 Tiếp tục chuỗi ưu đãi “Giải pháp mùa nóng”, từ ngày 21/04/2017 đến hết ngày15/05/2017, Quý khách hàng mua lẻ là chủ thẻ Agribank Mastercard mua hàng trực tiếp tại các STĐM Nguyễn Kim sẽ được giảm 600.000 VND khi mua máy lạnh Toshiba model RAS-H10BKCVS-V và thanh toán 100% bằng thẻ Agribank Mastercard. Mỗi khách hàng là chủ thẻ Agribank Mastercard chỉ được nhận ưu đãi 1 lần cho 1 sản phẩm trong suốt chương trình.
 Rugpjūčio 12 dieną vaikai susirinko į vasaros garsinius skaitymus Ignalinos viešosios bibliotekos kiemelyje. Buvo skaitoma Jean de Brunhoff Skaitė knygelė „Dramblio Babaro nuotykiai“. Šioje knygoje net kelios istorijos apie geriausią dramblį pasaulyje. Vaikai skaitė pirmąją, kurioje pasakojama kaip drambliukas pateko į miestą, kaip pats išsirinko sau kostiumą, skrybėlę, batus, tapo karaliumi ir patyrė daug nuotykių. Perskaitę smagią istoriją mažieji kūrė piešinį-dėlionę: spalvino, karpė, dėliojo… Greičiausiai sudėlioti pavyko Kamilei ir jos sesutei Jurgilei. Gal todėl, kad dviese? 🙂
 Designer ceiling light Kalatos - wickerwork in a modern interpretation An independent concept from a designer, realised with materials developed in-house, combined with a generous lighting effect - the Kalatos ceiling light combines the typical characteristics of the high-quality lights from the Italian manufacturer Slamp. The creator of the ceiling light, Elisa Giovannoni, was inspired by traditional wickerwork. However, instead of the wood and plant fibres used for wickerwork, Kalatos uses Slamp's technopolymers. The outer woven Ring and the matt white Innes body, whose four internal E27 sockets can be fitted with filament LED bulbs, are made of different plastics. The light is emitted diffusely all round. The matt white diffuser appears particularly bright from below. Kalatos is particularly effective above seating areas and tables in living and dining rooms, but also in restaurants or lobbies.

# Exercise goal:
Print each of the lines above again, unchanged.

# Your response:
 Tiếp tục chuỗi ưu đãi “Giải pháp mùa nóng”, từ ngày 21/04/2017 đến hết ngày15/05/2017, Quý khách hàng mua lẻ là chủ thẻ Agribank Mastercard mua hàng trực tiếp tại các STĐM Nguyễn Kim sẽ được giảm 600.000 VND khi mua máy lạnh Toshiba model RAS-H10BKCVS-V và thanh toán 100% bằng thẻ Agribank Mastercard. Mỗi khách hàng là chủ thẻ Agribank Mastercard chỉ được nhận ưu đãi 1 lần cho 1 sản phẩm trong suốt chương trình.
 Rugpjūčio 12 dieną vaikai susirinko į vasaros garsinius skaitymus Ignalinos viešosios bibliotekos kiemelyje. Buvo skaitoma Jean de Brunhoff Skaitė knygelė „Dramblio Babaro nuotykiai“. Šioje knygoje net kelios istorijos apie geriausią dramblį pasaulyje. Vaikai skaitė pirmąją, kurioje pasakojama kaip drambliukas pateko į miestą, kaip pats išsirinko sau kostiumą, skrybėlę, batus, tapo karaliumi ir patyrė daug nuotykių. Perskaitę smagią istoriją mažieji kūrė piešinį-dėlionę: spalvino, karpė, dėliojo… Greičiausiai sudėlioti pavyko Kamilei ir jos sesutei Jurgilei. Gal todėl, kad dviese? 🙂
 Designer ceiling light Kalatos - wickerwork in a modern interpretation An independent concept from a designer, realised with materials developed in-house, combined with a generous lighting effect - the Kalatos ceiling light combines the typical characteristics of the high-quality lights from the Italian manufacturer Slamp. The creator of the ceiling light, Elisa Giovannoni, was inspired by traditional wickerwork. However, instead of the wood and plant fibres used for wickerwork, Kalatos uses Slamp's technopolymers. The outer woven Ring and the matt white Innes body, whose four internal E27 sockets can be fitted with filament LED bulbs, are made of different plastics. The light is emitted diffusely all round. The matt white diffuser appears particularly bright from below. Kalatos is particularly effective above seating areas and tables in living and dining rooms, but also in restaurants or lobbies.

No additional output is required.